Prevalence risk ratios (PR) and prevalence risk differences (PD) were assessed, avoiding over-estimation of association strength [16]. To perform multivariate analysis to control for confounding variables, adjusted prevalence risk ratios (aPR) were obtained using the log-binomial method [17]. Wilcoxon rank-sum test was used to compare median values of continuous outcomes, and the chi-square test was used to compare categorical outcomes. Statistical analysis was performed on Stata/MP 16.1.
Results
Our study population included 323 overweight or obese adolescent females, 162 with PCOS and 161 age-matched non-PCOS controls. Initially, 180 patients with PCOS and 360 patients without PCOS were enrolled. Then, 6 with PCOS and 112 without PCOS were excluded for not having an ALT available in their electronic medical record. One was excluded from the non-PCOS group for binge alcohol use. The rest were excluded for a history of being on pro-steatotic medications.
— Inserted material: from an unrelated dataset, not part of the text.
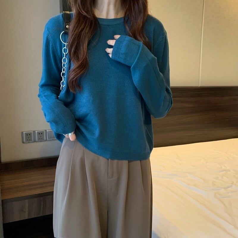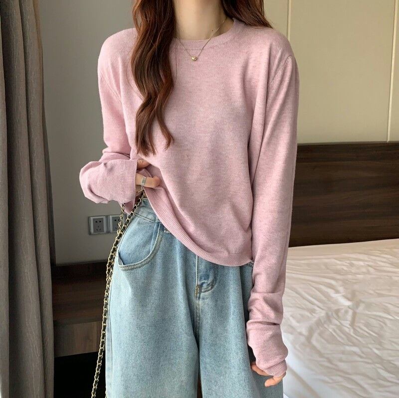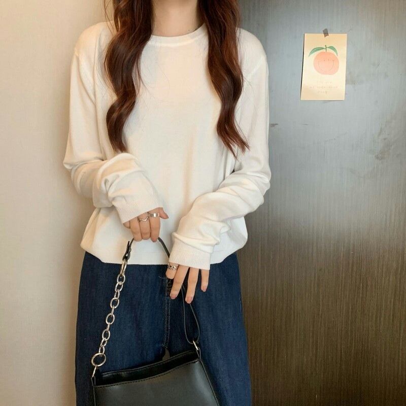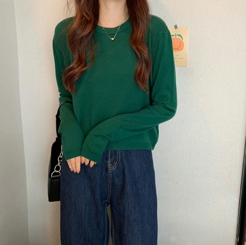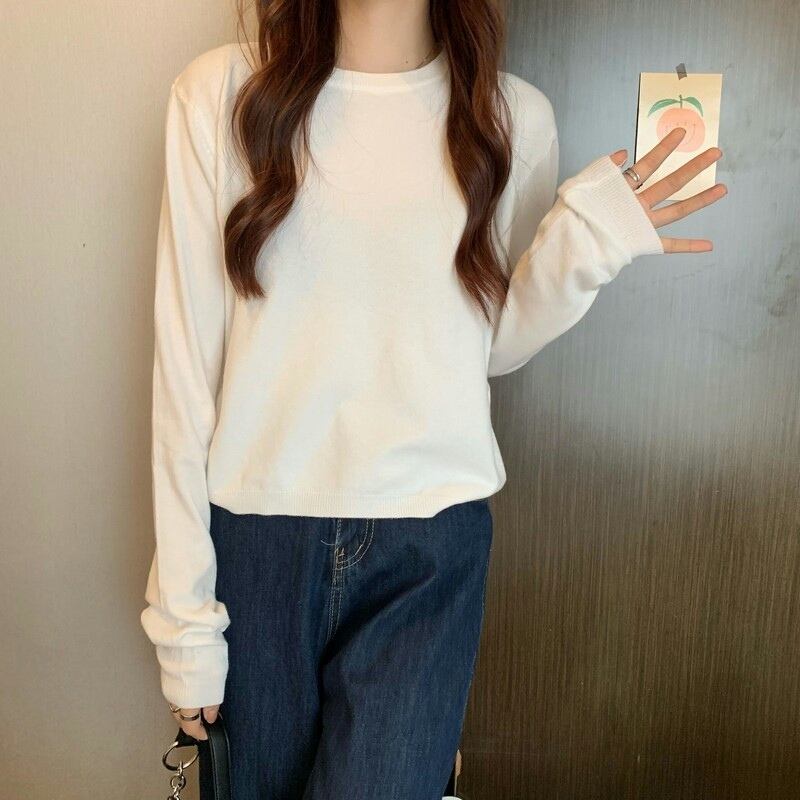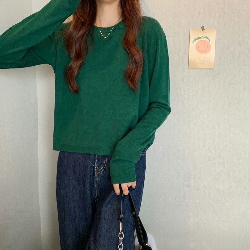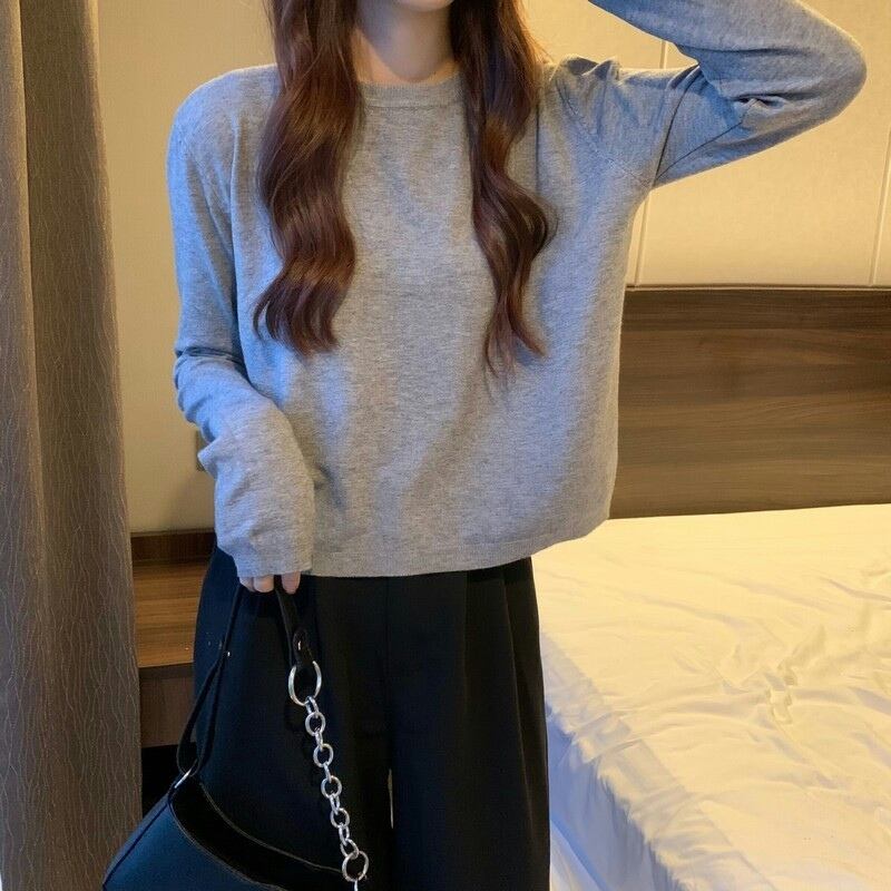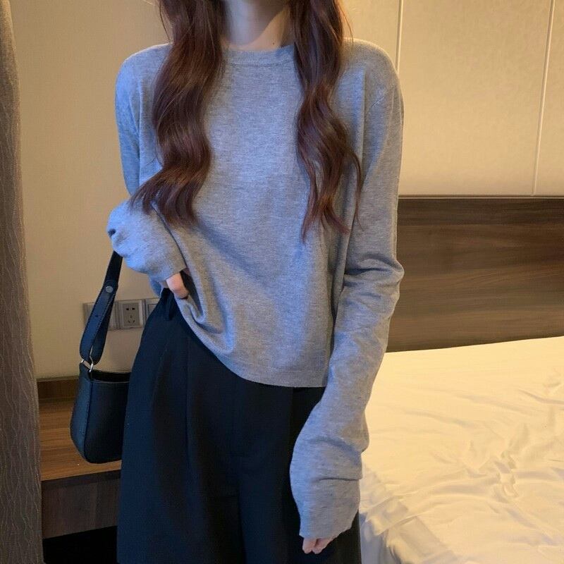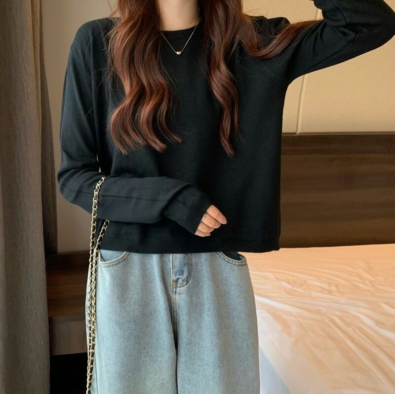 ショート丈ニット シンプル トップス 韓国流行 カットソー ニットソー ブラック 黒 ホワイト 白 グレー 灰色 ブルー 青 ピンク グリーン 緑 ショート丈 袖あり 長袖 ラウンドネック 大人女子 大人 上品 おしゃれ かっこいい クール カジュアル レトロ レトロ風 こなれ感 ラフ ルーズ シルエット 主役級 存在感 無地 春 スプリング 秋 オータム 冬 ウインター 10代 20代 30代 レディース 女性用 学生 通学 デート お出かけ 女子会 着回し 普段使い ワンサイズ

The median BMI percentile was 98.3 % (IQR 96.2–99.1), median BMI z-score was 2.1 (IQR 1.77–2.38), and median age was 17.3 years (IQR 15.9 to 18.2) with no significant differences between groups (Table 1). Patients with PCOS had similar percent of overweight patients to those without PCOS (17.4 % (n=28) vs. 14.8 % (n=24), p=0.8) with the rest of patients being obese (82.6 vs. 85.2 %). Patients with PCOS were less likely than the controls to identify their race as Black (8.6 vs. 16.8 %) and more likely to identify as Other (66.1 vs. 52.3 %, p=0.04). In the group that chose Other as their race, 75.4 % chose Latina ethnicity, although no statistical difference was seen comparing the groups by ethnicity. Patients with PCOS were significantly more likely to be on metformin (23.5 vs. 11.8 %, p = <0.01), a mainstay treatment for PCOS, than those without PCOS.
Table 1:
Characteristics by PCOS status.
| Total | No PCOS (n=161) | PCOS (n=162) | p-Valuea | |
|---|---|---|---|---|
| Age, years, median (IQR) | 17.3 (15.9–18.2) | 17.3 (15.9–18.2) | 17.1 (16.0–18.2) | 0.81 |
| BMI, median (IQR) | 33.5 (29.8–38.2) | 32.6 (29.3–37.7) | 34.4 (30.7–39.4) | 0.40 |
| BMI %, median (IQR) | 98.3 (96.2–99.1) | 98.2 (96.3–99.1) | 98.4 (96.1–99.2) | 0.35 |
| BMI Z-score, median (IQR) | 2.1 (1.8–2.4) | 2.1 (1.8–2.4) | 2.1 (1.8–2.4) | 0.36 |
| Race, % | 0.04 | |||
| White | 20.7 | 21.7 | 19.8 | |
| Black | 12.7 | 16.8 | 8.6 | |
| Asian | 7.4 | 9.3 | 5.6 | |
| Other | 59.1 | 52.3 | 66.1 | |
| Ethnicity, % | 0.26 | |||
| Latina | 48.6 | 44.1 | 53.1 | |
| ALT, U/L, median (IQR) | 24 (17–37) | 23 (16–36) | 25 (18–37) | 0.95 |
| HbA1c (%), median (IQR) | 5.4 (5.2–5.8) | 5.5 (5.2–5.9) | 5.4 (5.2–5.7) | 0.38 |
| Glucoseb (mg/dL), median (IQR) | 90 (84–100.8) | 91 (84–102) | 90 (84–99.5) | 0.52 |
| Total cholesterol (mg/dL), median (IQR) | 161 (141–181) | 158 (141–179) | 163 (141–186) | 0.41 |
| HDL-C (mg/dL), median (IQR) | 45 (38–52) | 46.5(38–53) | 44(38–52) | 0.33 |
| LDL (mg/dL), median (IQR) | 91 (74–114) | 91 (73–108) | 93 (75–118) | 0.07 |
| Triglycerides (mg/dL), median (IQR) | 112.5 (78–162) | 104 (71–151) | 120 (86–166) | 0.04 |
| Insulin resistancec, % | 59.2 | 52.3 | 64.5 | 0.05 |
| Type 2 diabetes, % | 13.9 | 16.1 | 11.7 | 0.25 |
| Hypercholesterolemia, % | 45.8 | 37.9 | 53.7 | 0.004 |
| Hypertriglyceridemia, % | 35.9 | 29.8 | 42.0 | 0.02 |
| Hypertension, % | 3.4 | 2.5 | 4.3 | 0.36 |
Observations performed from 2015 to 2020. ap-Values determined using chi-square test for percentiles and Wilcoxon rank-sum test for median (IQR) values. bGlucose values include both fasting and non-fasting values. c(TG/HDL-c>2.16).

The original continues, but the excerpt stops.